労働安全衛生総合研究所

技術指針 TR-No.39 の抄録

工場電気設備防爆指針 −ガス蒸気防爆 2006−

TR-No.39

 本指針は、1979年版「工場電気設備防爆指針」の改定版として刊行するものである。

 1979年版指針は、可燃性ガス又は引火性液体蒸気が存在するおそれのある場所に設置する防爆構造電気設備に関する技術指針として、また、検定制度のよりどころとして現在も広く活用されている。国は、この間、国際基準への整合化の一環として電気機械器具防爆構造規格と国際電気標準会議の制定した関係規格との整合化を図ることを目的に、「電気機械器具防爆構造規格(昭和44年労働省告示第16号)における可燃性ガスまたは引火性の物の上記にかかる防爆構造の規格に適合する電気機械器具と同等以上の防爆性能を有するものの技術的基準(IEC規格79関係)(昭和63年基発第208号)」を示しているが、国際規格の頻繁な改定のため技術的基準の見直しが追いつかない状況にあること、また、本指針は国内のこれまでの経緯を踏まえた内容を含んでいるものの刊行以来27年が経過し、技術の進歩、内外規格の変化等に対応できていないことなどから、産業界等からの改定の要望も強く、この度、改定の運びとなったものである。

 このため、当研究所では、改定原案作成のためメーカ、ユーザ、中立の専門家からなる委員会の開催および審議を社団法人産業安全技術協会に委託し、今般、成案が得られたので、新しい工場電気設備防爆指針(ガス蒸気防爆2006)として発表する次第である。

 本指針では、1000「電気設備防爆一般」、4000「電気配線の防爆」及び5000「防爆電気設備の保守」については、IEC規格との整合を図りつつ、国内事情を加味した改定を行い、内容の充実が図られた。2000「電気機器の防爆構造」については、構造規格との整合化、引用JIS等の更新、絶縁巻線の温度上昇値の統一、細則の見直しなど、最小限の改定とした。3000「防爆構造の電気機器の試験」及び付属書については、2000の改定に伴う変更程度とした。

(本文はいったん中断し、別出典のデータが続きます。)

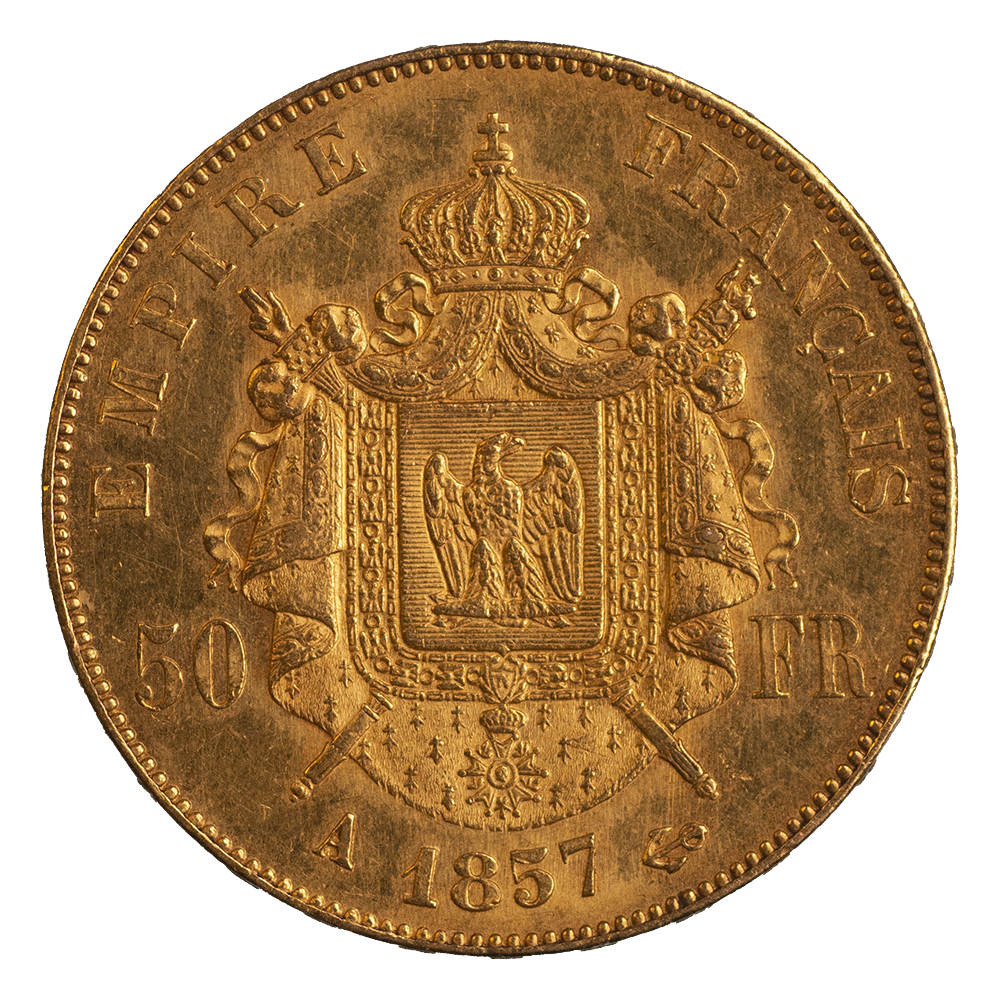 Le tout sommée d'une couronne impériale de laquelle partent deux rubans ; au-dessous, le millésime 1857, la lettre d'atelier A à gauche.

 今後、この指針が1979年版に引き続き、国内の防爆構造電気設備の技術的よりどころとして活用されれば幸いである。

 最後に、本指針の原案作成審議に当たり、絶大なるご協力を頂いた産業安全技術協会、関係機関、団体等及び工場電気設備防爆指針改定審議委員会委員各位に対して、深甚の謝意を表します。